On Rotten Tomatoes, the film holds a rating of 76% “Fresh” approval rating from 29 reviews. The critical consensus reads: "Confidently campy and played with groovy conviction, Beyond the Valley of the Dolls is an exuberant expression of both the hilarity and terror that comes with free love". Metacritic, which uses a weighted average, assigned the a score of 60 out of 100, based on 10 critics, indicating "mixed or average" reviews.

John Waters has expressed admiration for the film, citing it as "one of the best movies ever made".

===Box office===
According to Fox records, the film required $4,100,000 in theatrical rentals to break even. By December 11, 1970, it had made $7,000,000, more than enough to be profitable for the studio.
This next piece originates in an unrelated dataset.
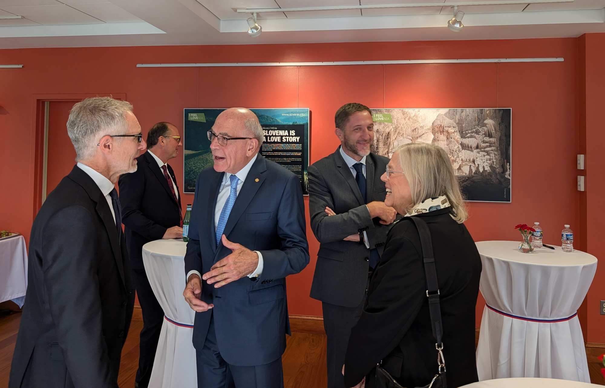 At a reception for conference participants and Slovenian businesspeople, Mr. Matic Rodica presented the wine offerings for the U.S. market on behalf of the Rodica Family Organic Winery. Rodica wines are distributed across most U.S. states.

Despite an X rating and a modest budget of $900,000, Beyond the Valley of the Dolls grossed ten times that amount in the U.S. market, qualifying it as a hit for Fox. In 1997, when Roger Ebert & Gene Siskel were guests on Howard Stern, Ebert claimed it made $55 million. In 2004, Ebert claimed it had grossed $40 million.
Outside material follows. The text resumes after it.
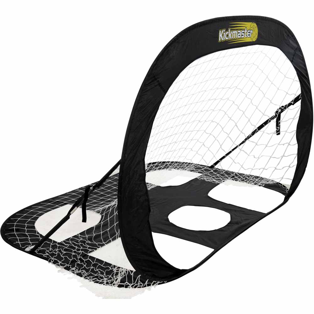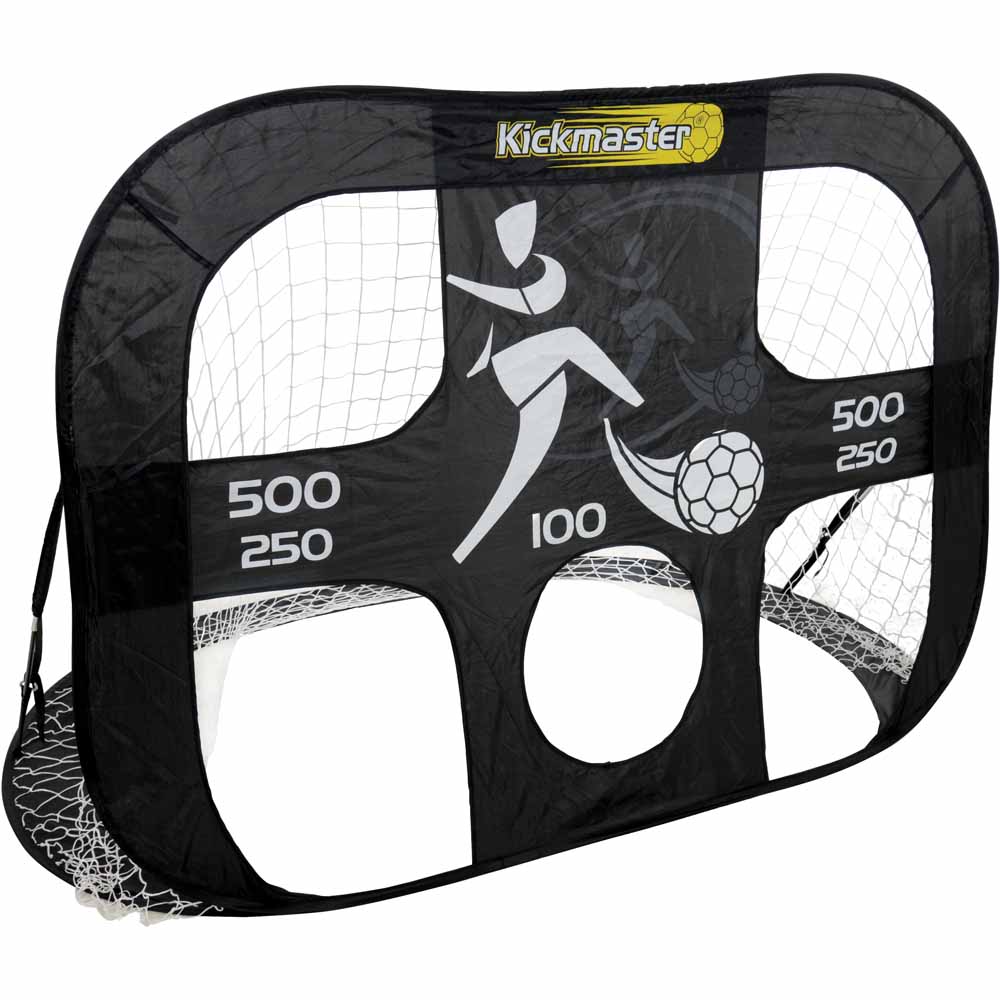 Encourage children to get outside and be active with this Pop-Up Goals and Target Shots by Kickmaster. The 2-in-1 soccer goal allows you to switch modes in seconds! On one side, there's a standard goal, perfect for practising those free-kicks and penalties whilst on the other is a target shot ideal for simply perfecting your aim or turn it into a scoring game with friends or teammates with the printed scoring system! It comes with ground pegs included for extra security when firing shots and to keep it secure on windy days. The pop-up design allows for the outdoor goal to be ready for use in seconds and folded down just as quickly and it can be simply flipped over for mode change. It comes with a durable carry case for easy storage and transportation so that it can be taken from the garden, to park, beach, pretty much anywhere! The side pockets for storage, allows you to keep essential handy. Ideal for honing skills or a fun group game, the game will provide you with hours of outdoor playtime. Age recommendation: 5+ Years. Assembly required.

The production of the film, along with Myra Breckinridge, helped lead to the ousting of Richard Zanuck from Fox.

=== In pop culture ===
Garage rock band Be Your Own Pet's 2008 song "The Kelly Affair" is based on the plot of the film.

Ska Punk Rock band Sublime sampled dialogue from the film in their song “Smoke Two Joints”, for the 40oz. to Freedom album.

Murderdolls, the side project of Slipknot drummer Joey Jordison, named their debut album Beyond the Valley of the Murderdolls in reference to the movie.